▶ Task to carry out
Would you please repeat exactly the entries below, starting at the line with "長井 日月 じつげつ JITSUGETSU" and ending at the line with "Danach müssen die", and nothing outside that range? Leave out the pictures.

▶ Exercise material

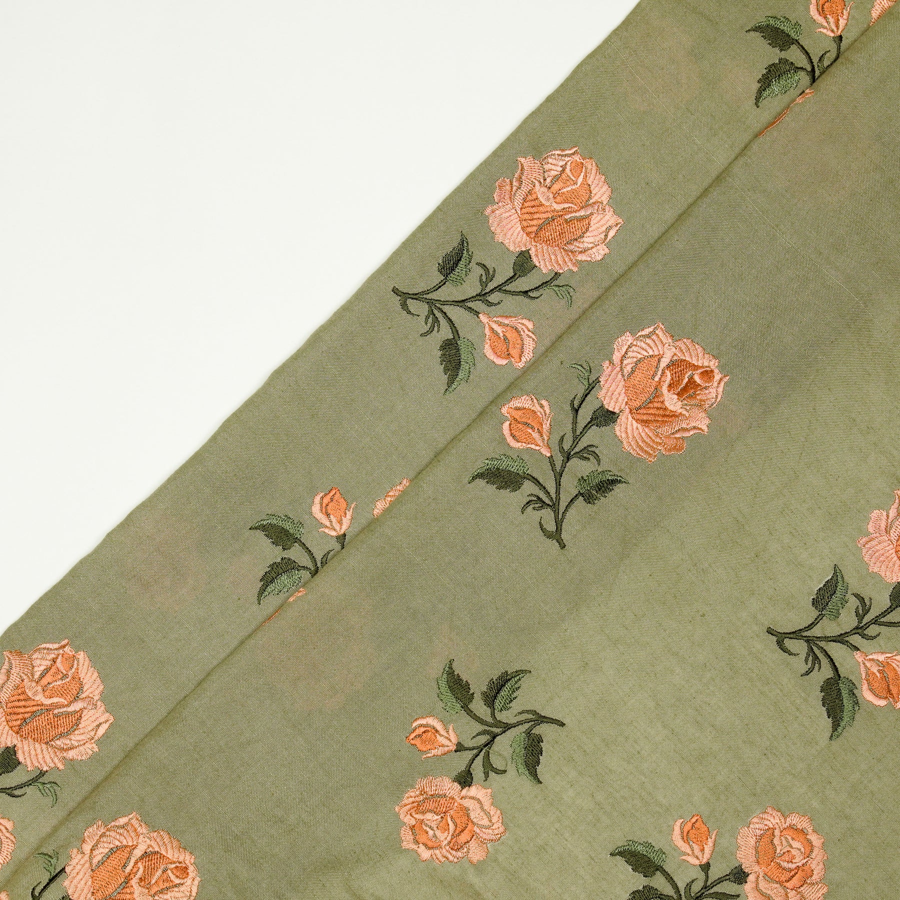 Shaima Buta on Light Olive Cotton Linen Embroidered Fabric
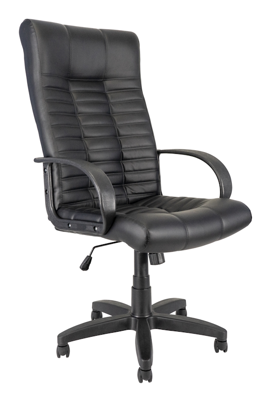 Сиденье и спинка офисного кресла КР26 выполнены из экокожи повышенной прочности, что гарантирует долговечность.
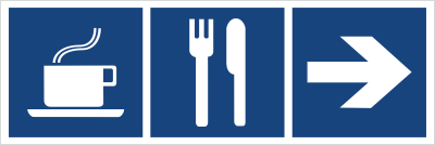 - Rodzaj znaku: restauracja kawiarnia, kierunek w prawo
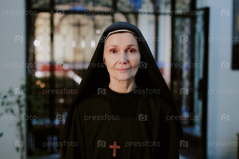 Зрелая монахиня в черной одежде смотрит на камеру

* * *

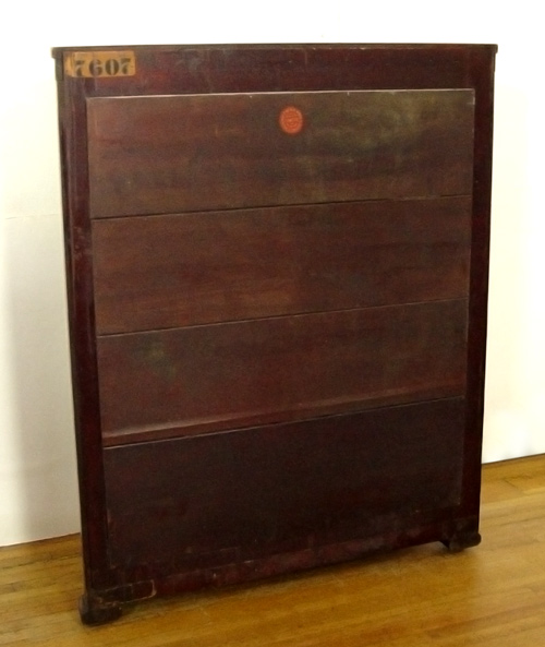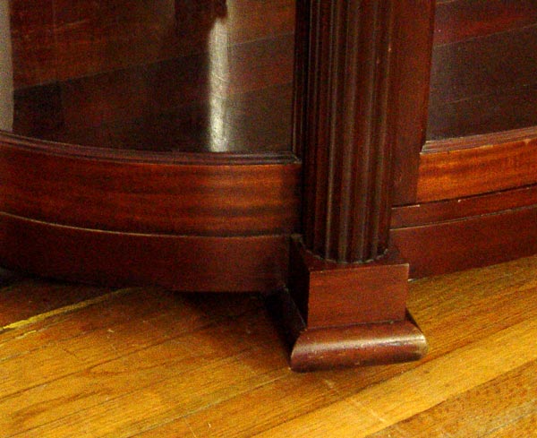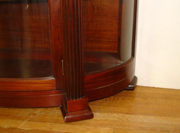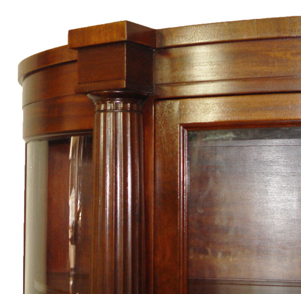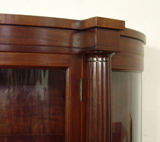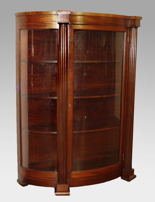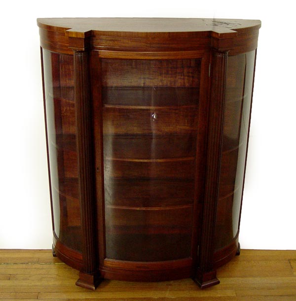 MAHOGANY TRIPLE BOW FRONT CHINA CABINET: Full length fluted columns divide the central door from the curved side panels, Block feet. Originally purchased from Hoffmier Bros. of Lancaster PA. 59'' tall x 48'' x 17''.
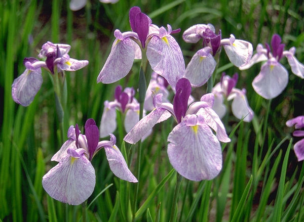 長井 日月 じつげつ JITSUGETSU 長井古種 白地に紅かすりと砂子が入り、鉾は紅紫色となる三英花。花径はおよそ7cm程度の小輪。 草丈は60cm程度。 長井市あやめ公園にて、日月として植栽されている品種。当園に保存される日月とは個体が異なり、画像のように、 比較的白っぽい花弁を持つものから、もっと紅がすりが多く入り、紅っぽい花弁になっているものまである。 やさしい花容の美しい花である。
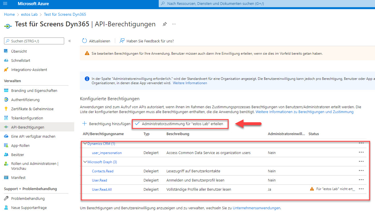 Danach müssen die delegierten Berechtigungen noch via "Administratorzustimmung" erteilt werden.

---

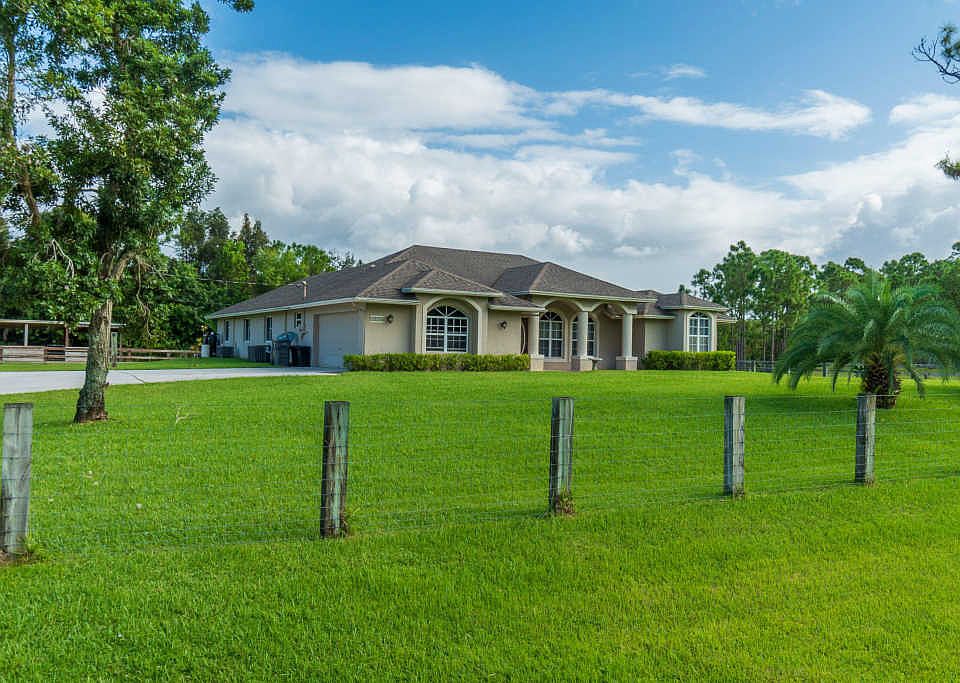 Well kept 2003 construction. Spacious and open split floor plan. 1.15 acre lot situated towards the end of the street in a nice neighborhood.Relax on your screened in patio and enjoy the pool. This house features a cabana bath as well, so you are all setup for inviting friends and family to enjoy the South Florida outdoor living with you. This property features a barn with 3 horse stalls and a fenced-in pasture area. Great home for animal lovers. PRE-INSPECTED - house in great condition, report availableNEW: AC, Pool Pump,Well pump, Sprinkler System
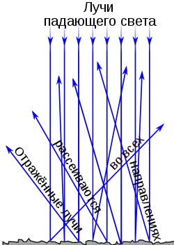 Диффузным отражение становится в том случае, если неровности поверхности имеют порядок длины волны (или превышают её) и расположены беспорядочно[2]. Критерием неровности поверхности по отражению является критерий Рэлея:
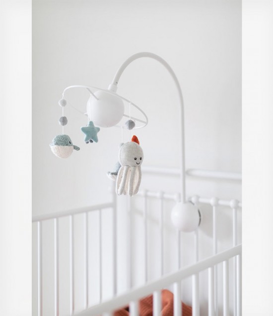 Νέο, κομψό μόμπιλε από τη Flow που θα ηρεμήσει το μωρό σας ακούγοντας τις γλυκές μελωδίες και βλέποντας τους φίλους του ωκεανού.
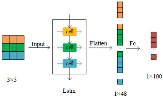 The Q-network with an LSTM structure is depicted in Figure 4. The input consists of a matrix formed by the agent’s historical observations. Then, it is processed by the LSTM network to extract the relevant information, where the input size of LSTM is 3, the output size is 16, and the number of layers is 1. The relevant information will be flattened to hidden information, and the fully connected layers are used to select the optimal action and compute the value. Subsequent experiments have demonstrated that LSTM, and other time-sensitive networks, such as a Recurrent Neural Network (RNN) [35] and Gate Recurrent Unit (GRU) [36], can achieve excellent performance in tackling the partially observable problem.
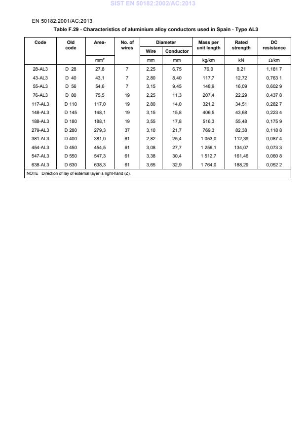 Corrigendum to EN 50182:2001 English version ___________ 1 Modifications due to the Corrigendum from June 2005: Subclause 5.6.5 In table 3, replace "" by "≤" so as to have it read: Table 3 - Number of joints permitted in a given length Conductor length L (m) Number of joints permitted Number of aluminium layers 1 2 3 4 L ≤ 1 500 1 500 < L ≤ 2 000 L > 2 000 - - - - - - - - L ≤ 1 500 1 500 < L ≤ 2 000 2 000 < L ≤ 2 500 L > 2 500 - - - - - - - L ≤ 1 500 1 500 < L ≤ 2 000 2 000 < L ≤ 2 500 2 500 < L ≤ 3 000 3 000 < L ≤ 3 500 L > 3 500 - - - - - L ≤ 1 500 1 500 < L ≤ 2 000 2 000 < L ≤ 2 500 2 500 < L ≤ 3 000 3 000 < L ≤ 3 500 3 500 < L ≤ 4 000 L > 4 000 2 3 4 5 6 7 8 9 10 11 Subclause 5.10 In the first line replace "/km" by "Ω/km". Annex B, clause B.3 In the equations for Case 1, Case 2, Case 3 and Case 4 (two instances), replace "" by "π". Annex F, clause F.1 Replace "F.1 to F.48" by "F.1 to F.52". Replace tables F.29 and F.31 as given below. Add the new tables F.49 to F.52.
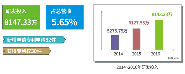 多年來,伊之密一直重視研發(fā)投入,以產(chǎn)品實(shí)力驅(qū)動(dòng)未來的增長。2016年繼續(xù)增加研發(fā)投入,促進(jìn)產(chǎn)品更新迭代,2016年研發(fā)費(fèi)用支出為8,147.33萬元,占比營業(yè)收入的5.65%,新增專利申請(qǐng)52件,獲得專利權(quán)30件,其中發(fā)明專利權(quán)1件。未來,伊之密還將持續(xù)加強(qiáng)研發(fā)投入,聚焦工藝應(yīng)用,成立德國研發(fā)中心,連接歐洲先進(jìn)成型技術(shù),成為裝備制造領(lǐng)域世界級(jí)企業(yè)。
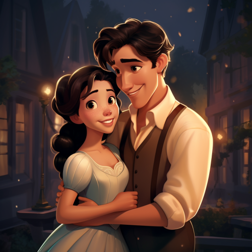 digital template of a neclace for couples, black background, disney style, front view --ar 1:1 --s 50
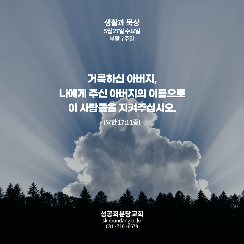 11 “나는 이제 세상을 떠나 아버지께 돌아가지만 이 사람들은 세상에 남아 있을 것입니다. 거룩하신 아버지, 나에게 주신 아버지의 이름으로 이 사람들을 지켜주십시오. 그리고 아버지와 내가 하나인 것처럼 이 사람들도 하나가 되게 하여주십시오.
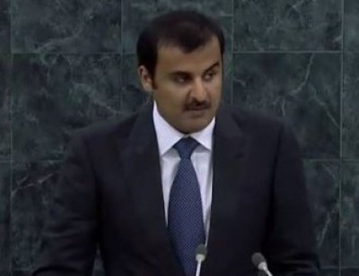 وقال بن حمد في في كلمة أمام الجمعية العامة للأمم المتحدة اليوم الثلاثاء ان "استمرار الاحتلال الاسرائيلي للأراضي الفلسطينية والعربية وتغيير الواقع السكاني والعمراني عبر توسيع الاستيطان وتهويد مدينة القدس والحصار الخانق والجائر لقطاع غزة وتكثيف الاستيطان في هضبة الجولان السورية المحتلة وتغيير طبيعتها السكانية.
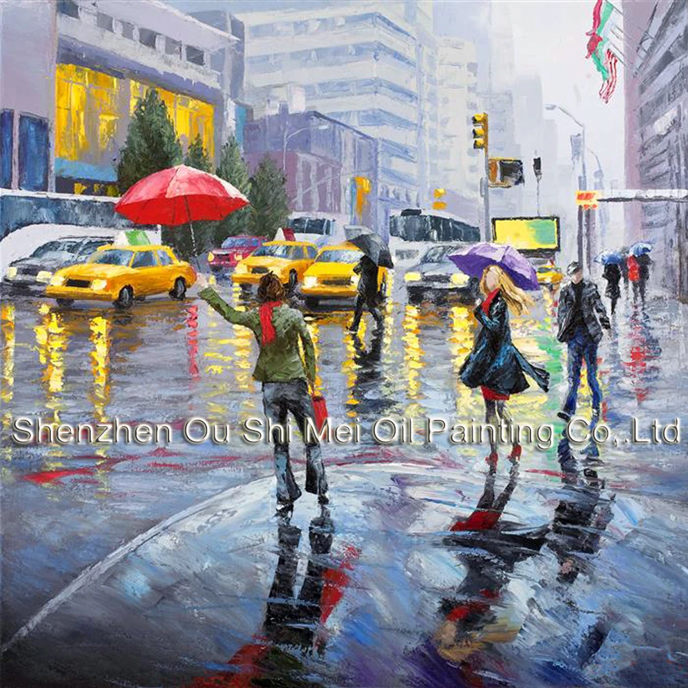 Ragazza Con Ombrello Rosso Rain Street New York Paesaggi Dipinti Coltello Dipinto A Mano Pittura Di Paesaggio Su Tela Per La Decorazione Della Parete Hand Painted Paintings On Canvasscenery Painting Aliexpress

▶ Expected answer
 長井 日月 じつげつ JITSUGETSU 長井古種 白地に紅かすりと砂子が入り、鉾は紅紫色となる三英花。花径はおよそ7cm程度の小輪。 草丈は60cm程度。 長井市あやめ公園にて、日月として植栽されている品種。当園に保存される日月とは個体が異なり、画像のように、 比較的白っぽい花弁を持つものから、もっと紅がすりが多く入り、紅っぽい花弁になっているものまである。 やさしい花容の美しい花である。
 Danach müssen die delegierten Berechtigungen noch via "Administratorzustimmung" erteilt werden.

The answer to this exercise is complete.